■ TASK DESCRIPTION ■
Look through the data below for the line with "[EWQ] コントラストカラーカーキ O", and transcribe it exactly together with each line after it up to and including the line with "In principe is". Give nothing else.

■ PROVIDED RECORDS ■
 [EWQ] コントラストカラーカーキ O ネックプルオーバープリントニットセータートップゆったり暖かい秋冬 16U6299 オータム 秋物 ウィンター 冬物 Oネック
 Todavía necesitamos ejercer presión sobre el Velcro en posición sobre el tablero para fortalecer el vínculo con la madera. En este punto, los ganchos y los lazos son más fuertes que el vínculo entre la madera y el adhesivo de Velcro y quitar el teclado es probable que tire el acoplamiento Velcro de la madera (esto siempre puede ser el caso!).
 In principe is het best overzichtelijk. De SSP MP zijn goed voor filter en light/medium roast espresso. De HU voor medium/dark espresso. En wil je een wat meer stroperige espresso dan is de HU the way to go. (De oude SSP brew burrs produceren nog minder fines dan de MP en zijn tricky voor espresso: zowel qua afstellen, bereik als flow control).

--

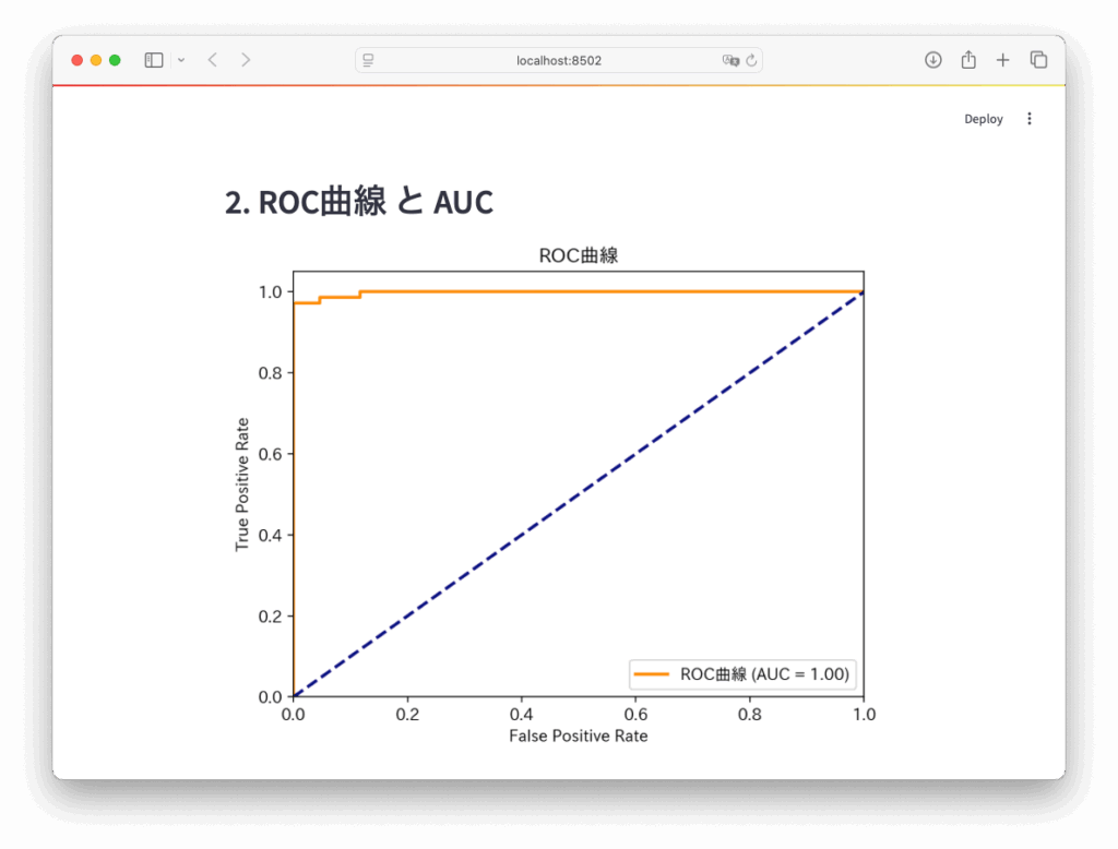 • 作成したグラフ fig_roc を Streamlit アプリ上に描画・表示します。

...

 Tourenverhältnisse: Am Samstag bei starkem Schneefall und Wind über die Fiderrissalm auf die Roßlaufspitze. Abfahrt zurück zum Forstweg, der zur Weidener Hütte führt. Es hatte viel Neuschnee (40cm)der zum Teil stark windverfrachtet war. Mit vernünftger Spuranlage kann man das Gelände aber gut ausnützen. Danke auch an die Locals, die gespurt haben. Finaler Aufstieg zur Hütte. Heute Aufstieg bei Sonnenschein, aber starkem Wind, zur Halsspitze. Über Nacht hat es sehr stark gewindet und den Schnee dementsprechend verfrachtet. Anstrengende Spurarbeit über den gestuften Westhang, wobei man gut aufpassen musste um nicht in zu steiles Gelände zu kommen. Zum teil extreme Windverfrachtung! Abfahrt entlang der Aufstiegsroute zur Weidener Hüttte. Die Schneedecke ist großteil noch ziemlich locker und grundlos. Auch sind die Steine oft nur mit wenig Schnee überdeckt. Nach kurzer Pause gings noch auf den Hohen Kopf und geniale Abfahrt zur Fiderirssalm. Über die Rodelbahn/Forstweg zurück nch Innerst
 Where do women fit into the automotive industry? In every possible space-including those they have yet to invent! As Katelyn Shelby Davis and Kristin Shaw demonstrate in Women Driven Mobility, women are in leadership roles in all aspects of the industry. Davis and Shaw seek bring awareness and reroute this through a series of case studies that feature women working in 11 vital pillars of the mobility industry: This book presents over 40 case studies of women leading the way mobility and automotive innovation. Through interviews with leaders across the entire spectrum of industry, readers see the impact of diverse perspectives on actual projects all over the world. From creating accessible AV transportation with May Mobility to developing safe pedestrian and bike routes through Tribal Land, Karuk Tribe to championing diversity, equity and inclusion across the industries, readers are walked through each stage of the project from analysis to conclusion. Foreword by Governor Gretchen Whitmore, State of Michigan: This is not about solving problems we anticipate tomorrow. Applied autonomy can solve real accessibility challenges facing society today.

■ RESPONSE BOX ■
 [EWQ] コントラストカラーカーキ O ネックプルオーバープリントニットセータートップゆったり暖かい秋冬 16U6299 オータム 秋物 ウィンター 冬物 Oネック
 Todavía necesitamos ejercer presión sobre el Velcro en posición sobre el tablero para fortalecer el vínculo con la madera. En este punto, los ganchos y los lazos son más fuertes que el vínculo entre la madera y el adhesivo de Velcro y quitar el teclado es probable que tire el acoplamiento Velcro de la madera (esto siempre puede ser el caso!).
 In principe is het best overzichtelijk. De SSP MP zijn goed voor filter en light/medium roast espresso. De HU voor medium/dark espresso. En wil je een wat meer stroperige espresso dan is de HU the way to go. (De oude SSP brew burrs produceren nog minder fines dan de MP en zijn tricky voor espresso: zowel qua afstellen, bereik als flow control).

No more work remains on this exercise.